(How to complete this task)
Transcribe exactly the entries from the "水波レナ アニメver. ピックアップガチャ』では、下記ピックアップ対象の魔法少女およびメモリアの提供割合がアップしております。" line to the end, both included, minus pictures.
**** Supplied data
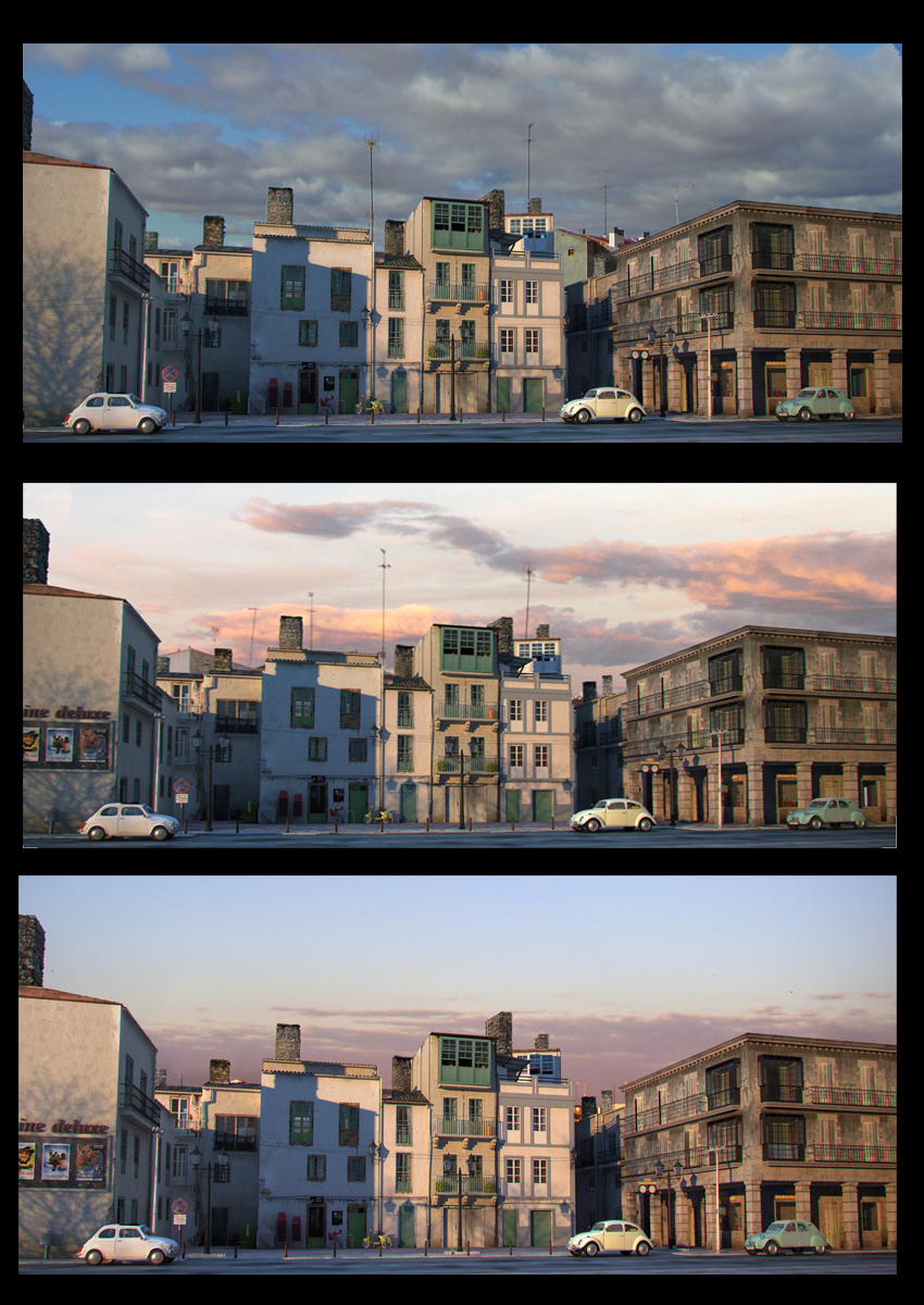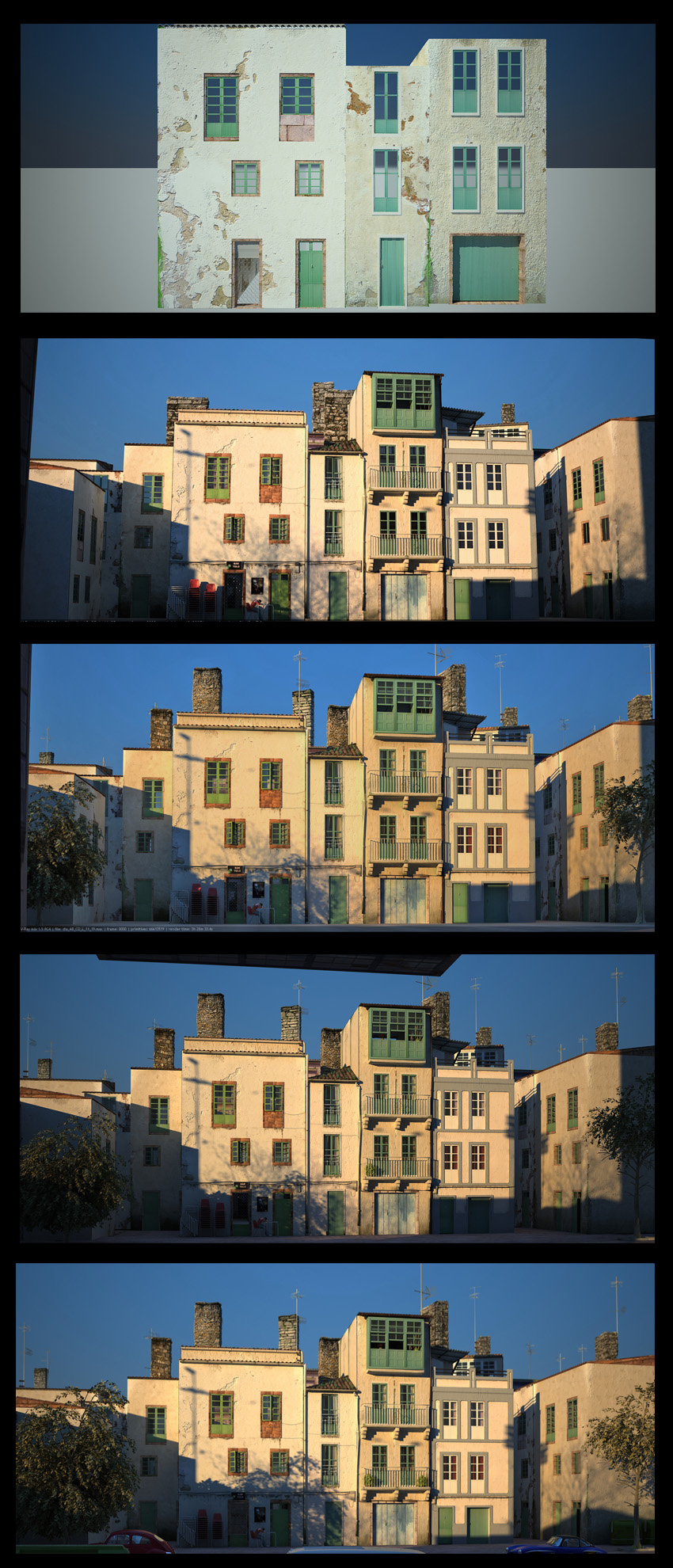 Ahora os dejo unas secuencias de cómo fue el desarrollo de la escena para que veáis las vueltas que le di al entorno, no tanto a los edificios principales.
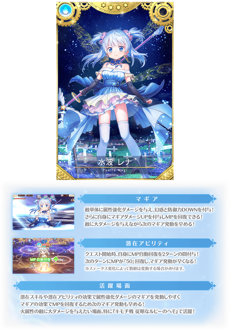 『期間限定 水波レナ アニメver. ピックアップガチャ』では、下記ピックアップ対象の魔法少女およびメモリアの提供割合がアップしております。
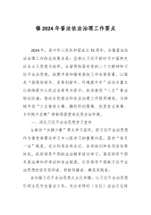 市农业农村局2024年普法依法治理工作要点 2024年是中华人民共和国成立75周年,是实现“十四五“规划目标任务的关键一年,也是全面落实“八五”普法规划的重要一年。全局普法依法治理工作,要以习近平新时代中国特色社会主义思想为指导,深入学习贯彻习近平法治思想,认真贯彻落实党的二十大和二十届历次全会精神、习近平总书记对贵州对XX工作的重要指示批示精神,衷心拥护“两个确立”、忠诚践行“两个维护”,以提升公民法治素养为目标,全面深化普法责任制落实,深入推进多层次多领域依法治理,推动“八五”普法规划全面实施,为全面推进农业农村现代化和乡村振兴提供有力法治保障。 一、加强思想政治建设,深入学习习近平法...
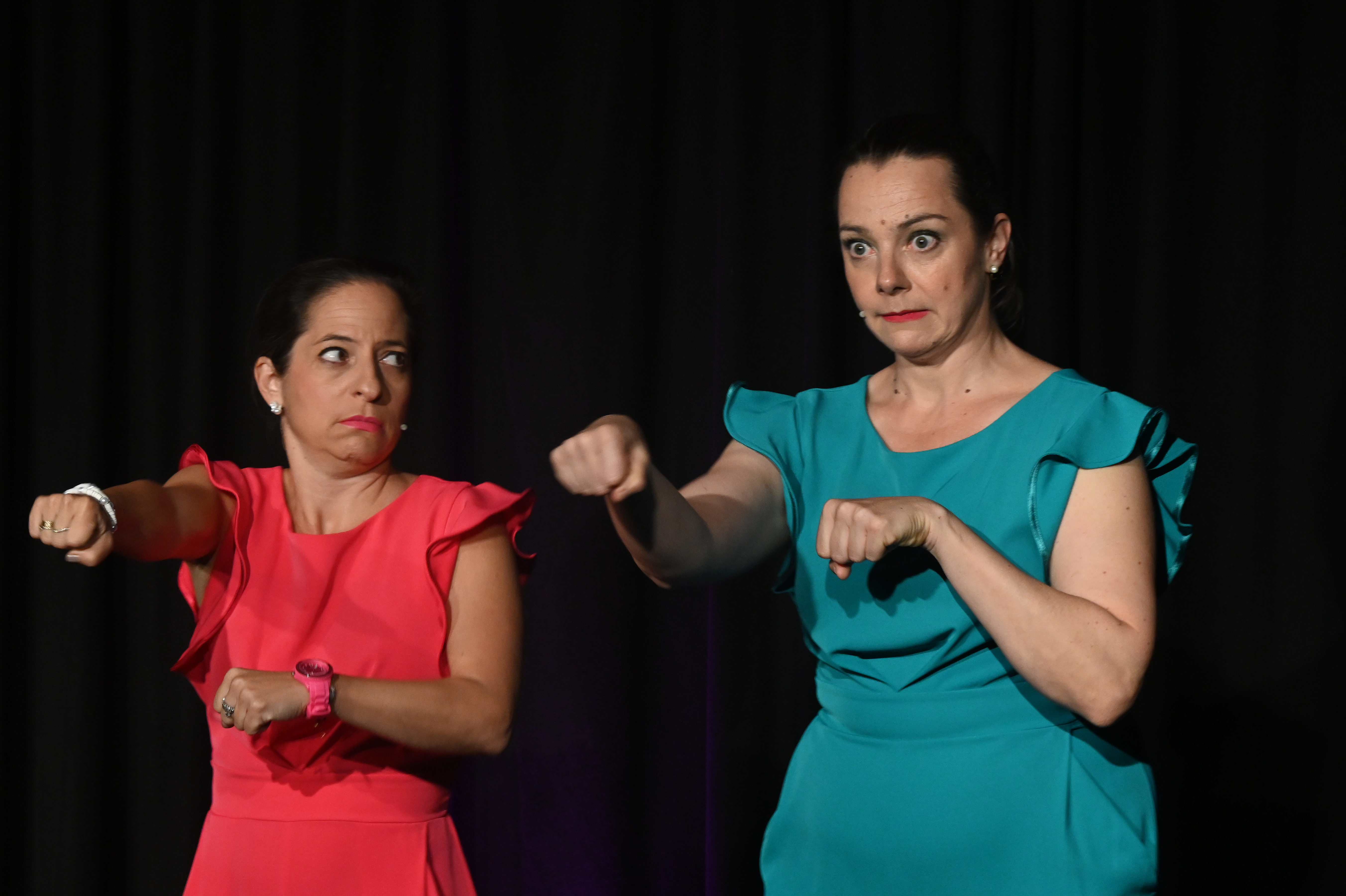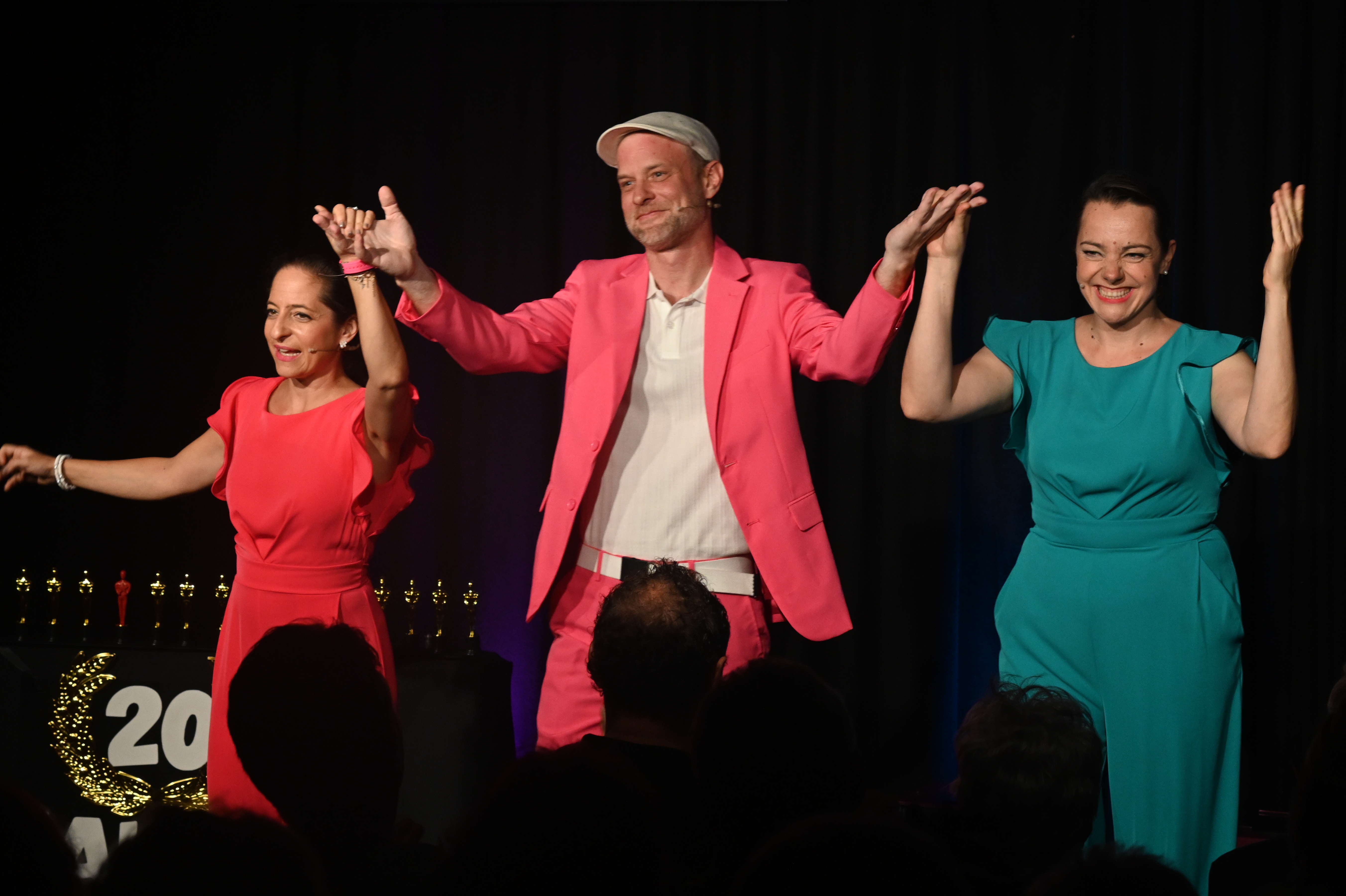 Eine Ehre war diese Vorpremiere. Zwei starke Frauen in starken Farben, Cerise und Türkis, steuerte ein begeistertes Publikum durch zwanzig Jahre Kernölamazonen.
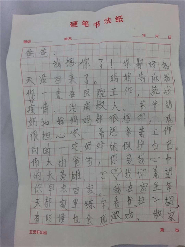 “爸爸:我想你了!你都好多天沒回來了。媽媽告訴我,你一直在醫院工作,抗戰疫情、治病救人。爺爺奶奶和我媽媽都很想你,也很擔心你。希望辛苦工作的同時一定好好的保護自己。偉大的爸爸,你是我心中的大英雄,我們希望你早點回家。我在家里每天都練字、看書、拉二胡,有時候也會玩游戲、做家務,我們馬上要開始網上學習課程了,是學校老師整的,我在家里會好好學習聽話的?!?/p>
********
(Solution)
 『期間限定 水波レナ アニメver. ピックアップガチャ』では、下記ピックアップ対象の魔法少女およびメモリアの提供割合がアップしております。
 市农业农村局2024年普法依法治理工作要点 2024年是中华人民共和国成立75周年,是实现“十四五“规划目标任务的关键一年,也是全面落实“八五”普法规划的重要一年。全局普法依法治理工作,要以习近平新时代中国特色社会主义思想为指导,深入学习贯彻习近平法治思想,认真贯彻落实党的二十大和二十届历次全会精神、习近平总书记对贵州对XX工作的重要指示批示精神,衷心拥护“两个确立”、忠诚践行“两个维护”,以提升公民法治素养为目标,全面深化普法责任制落实,深入推进多层次多领域依法治理,推动“八五”普法规划全面实施,为全面推进农业农村现代化和乡村振兴提供有力法治保障。 一、加强思想政治建设,深入学习习近平法...
 Eine Ehre war diese Vorpremiere. Zwei starke Frauen in starken Farben, Cerise und Türkis, steuerte ein begeistertes Publikum durch zwanzig Jahre Kernölamazonen.
 “爸爸:我想你了!你都好多天沒回來了。媽媽告訴我,你一直在醫院工作,抗戰疫情、治病救人。爺爺奶奶和我媽媽都很想你,也很擔心你。希望辛苦工作的同時一定好好的保護自己。偉大的爸爸,你是我心中的大英雄,我們希望你早點回家。我在家里每天都練字、看書、拉二胡,有時候也會玩游戲、做家務,我們馬上要開始網上學習課程了,是學校老師整的,我在家里會好好學習聽話的?!?/p>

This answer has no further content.